▶ [EXERCISE] Beginning with the line containing "广深铁路:融资净偿还966.61万元,融资余额4.26亿元(10-16)" and ending with the line containing "Calender Month |", write out each line of the records below exactly; pictures and lines outside that range are left out.

▶ [Records from a collection]

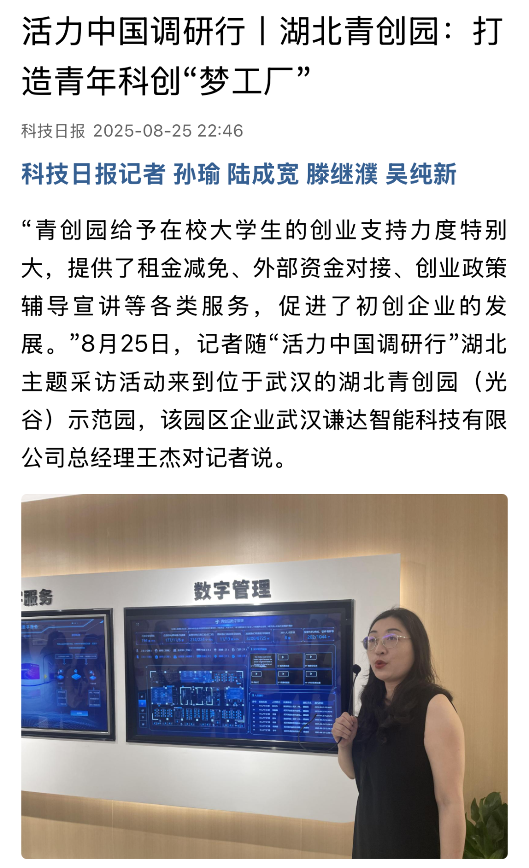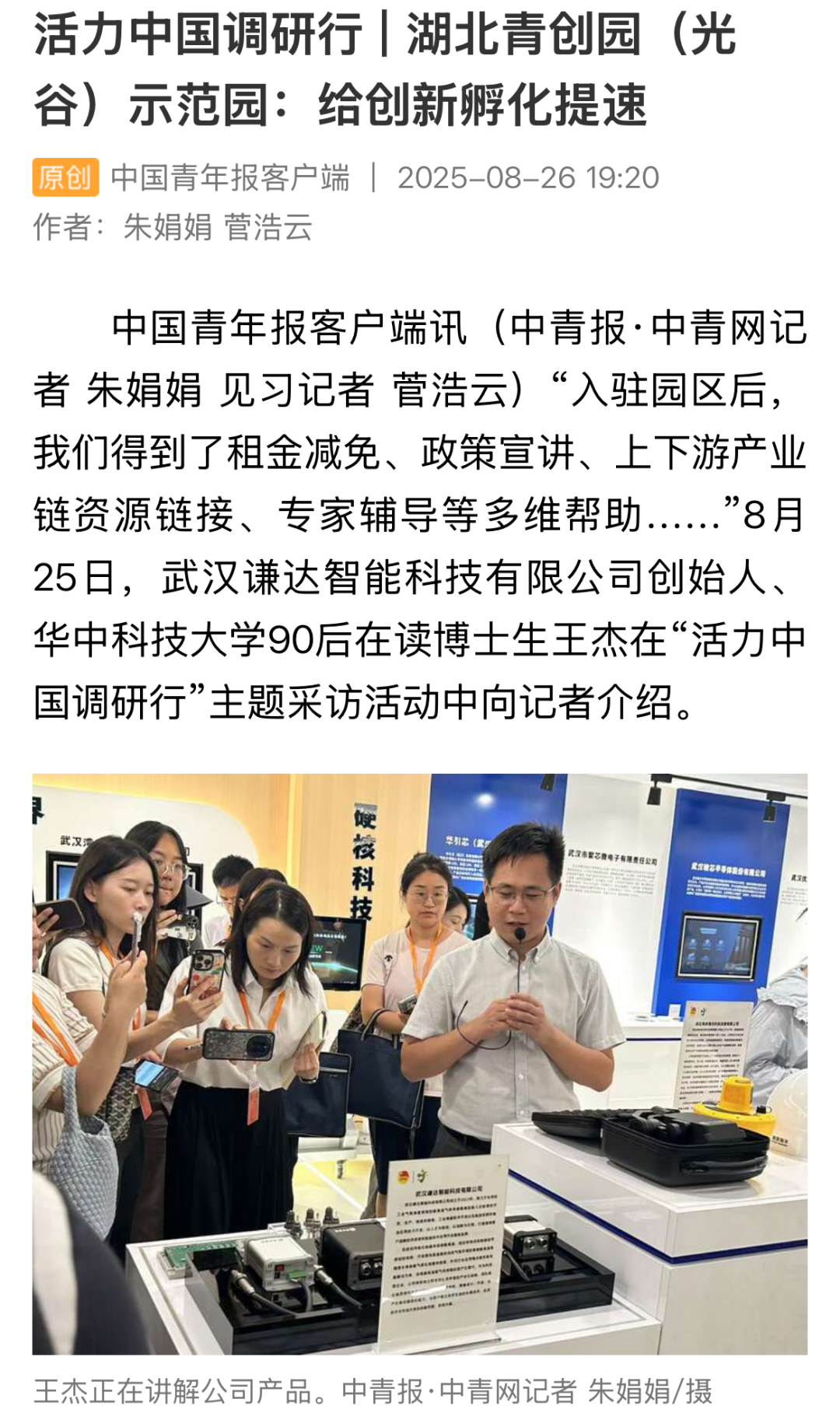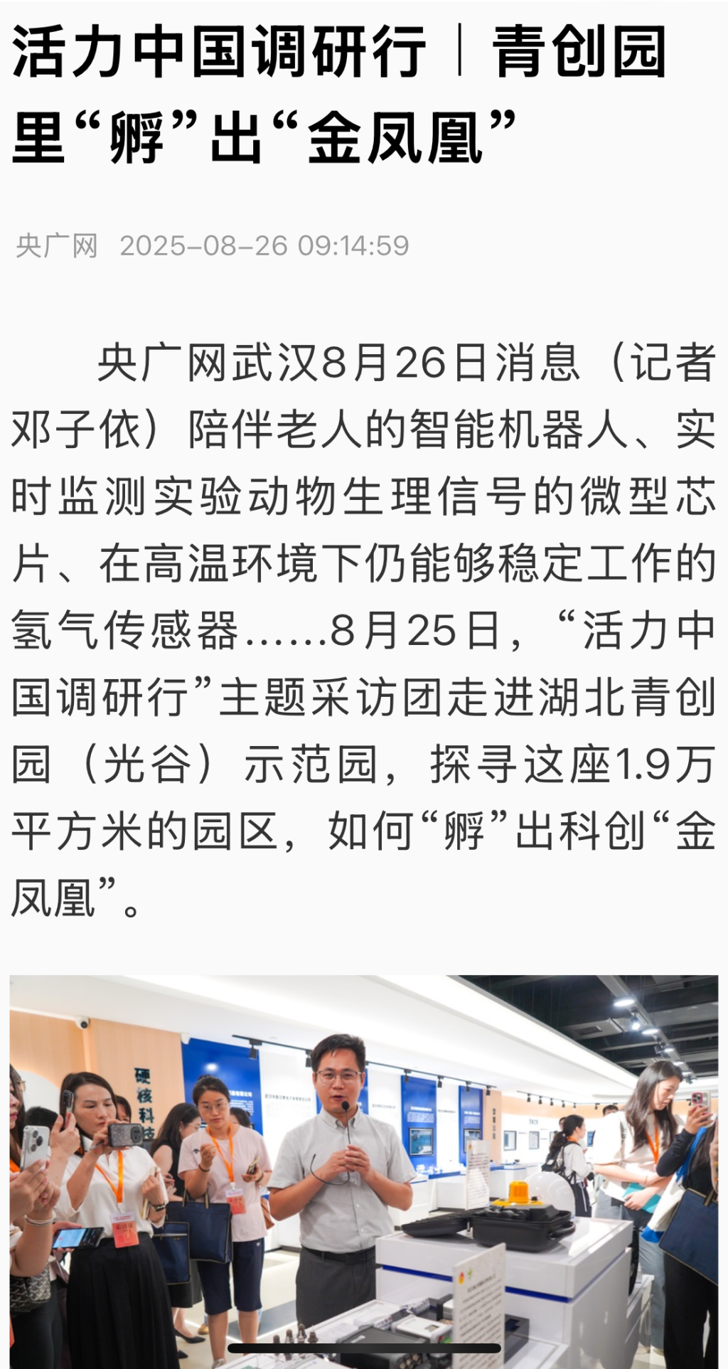 25日下午,媒体团走进湖北青创园(光谷)示范园,了解200多家企业在这里的成长故事——创现科技的智能软表面清洁机器人月均销量超1万台,并保持近20%的增长;谦达智能自研国内氧化锆基高温气体传感器控制器技术,产品能在-40℃-930℃环境下稳定工作。
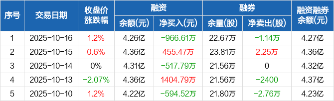 广深铁路:融资净偿还966.61万元,融资余额4.26亿元(10-16)
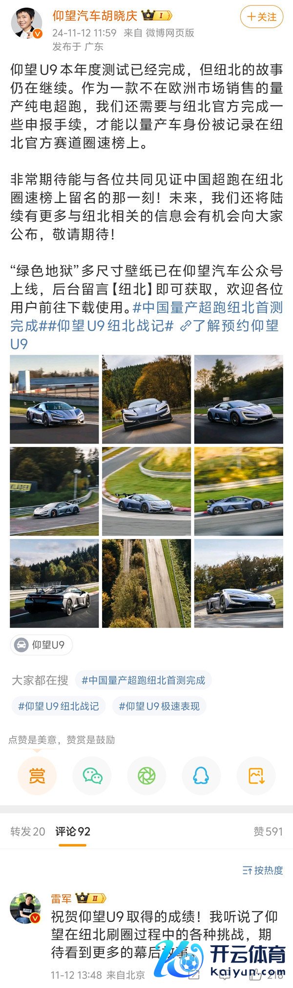 而在这条微博下方,惊现了小米CEO雷军,其留言称:“祝福仰望U9 得到的收获!我传奇了仰望在纽北刷圈进程中的各式挑战,期待看到更多的幕后故事。”
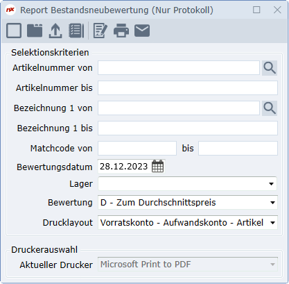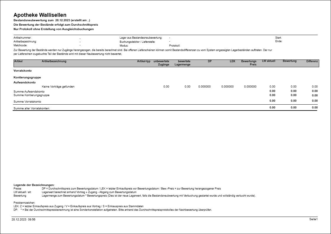 Bewertungsdatum | Stichtag zu wann die Lagerbewertung erfolgen soll. Datum per wann «Neubewertungs»-Belege erstellt werden. |
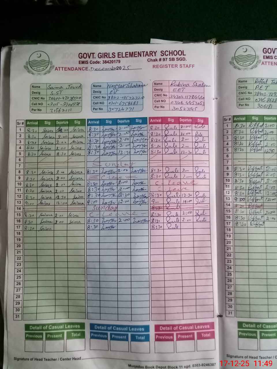 | CNIC | Full Name | Designation | R/C | Absence During Last Calender Month |
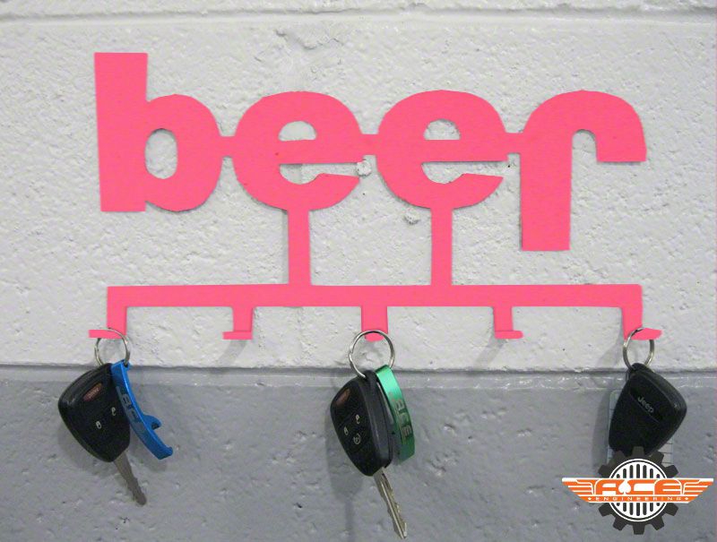 THE FAMOUS ACE BEER/JEEP T-SHIRT DESIGN IS NOW A KEYCHAIN HOLDER. MADE FROM .060 THICK MILD STEEL, IT MEASURES 12" X 6.5", HAS 5 KEYCHAIN HOOKS. GOOD FOR 8 HP!
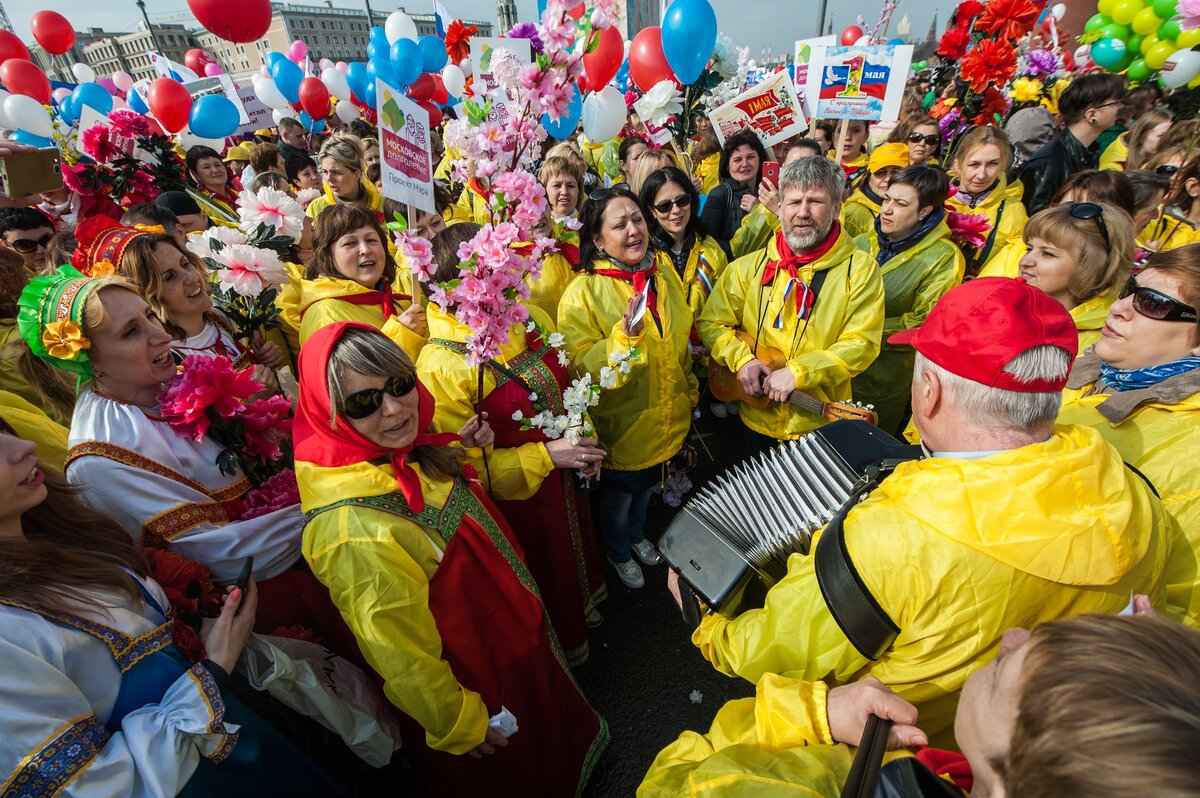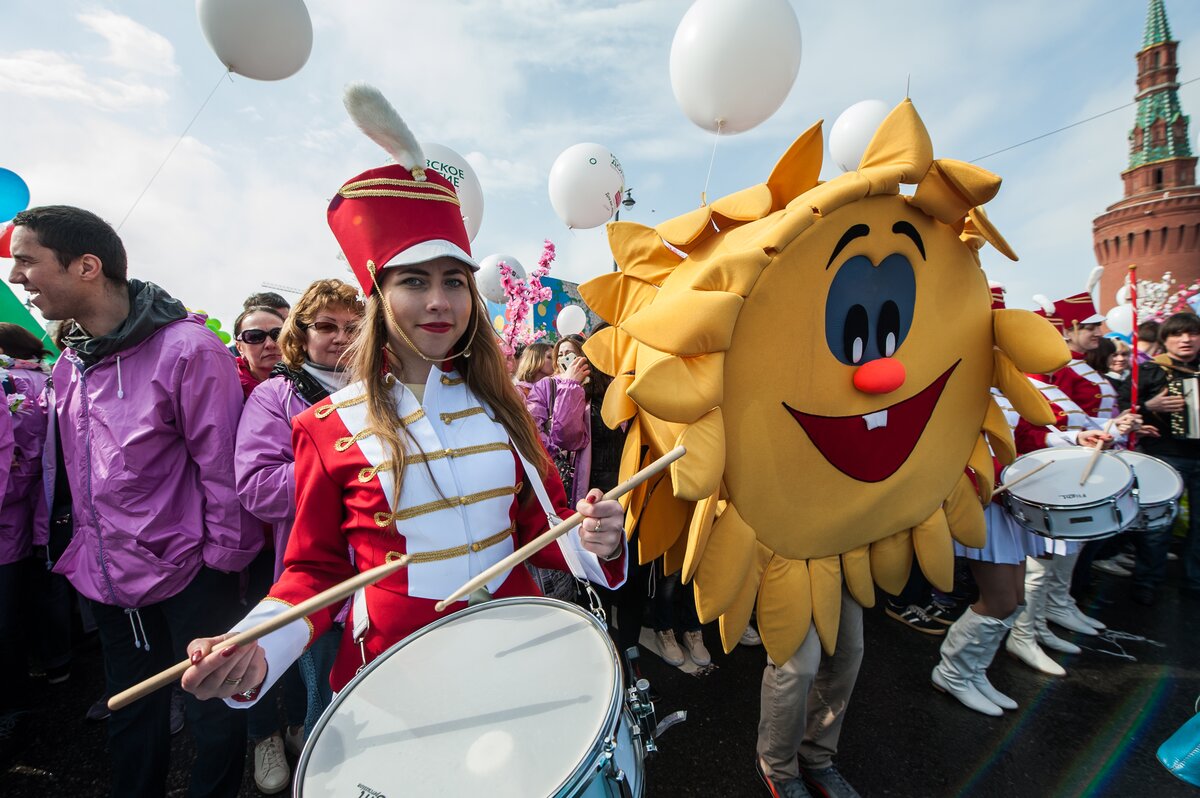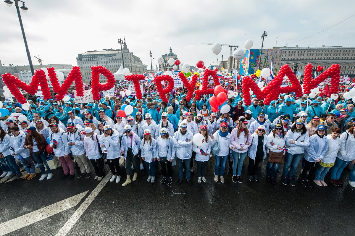 В первомайских мероприятиях в столице поучаствовали около 1,5 миллиона человек. 2/15 Первомайское шествие в МосквеПервомайское шествие в Москве

▶ [RESPONSE FOR THIS EXERCISE]
 广深铁路:融资净偿还966.61万元,融资余额4.26亿元(10-16)
 而在这条微博下方,惊现了小米CEO雷军,其留言称:“祝福仰望U9 得到的收获!我传奇了仰望在纽北刷圈进程中的各式挑战,期待看到更多的幕后故事。”
 Bewertungsdatum | Stichtag zu wann die Lagerbewertung erfolgen soll. Datum per wann «Neubewertungs»-Belege erstellt werden. |
 | CNIC | Full Name | Designation | R/C | Absence During Last Calender Month |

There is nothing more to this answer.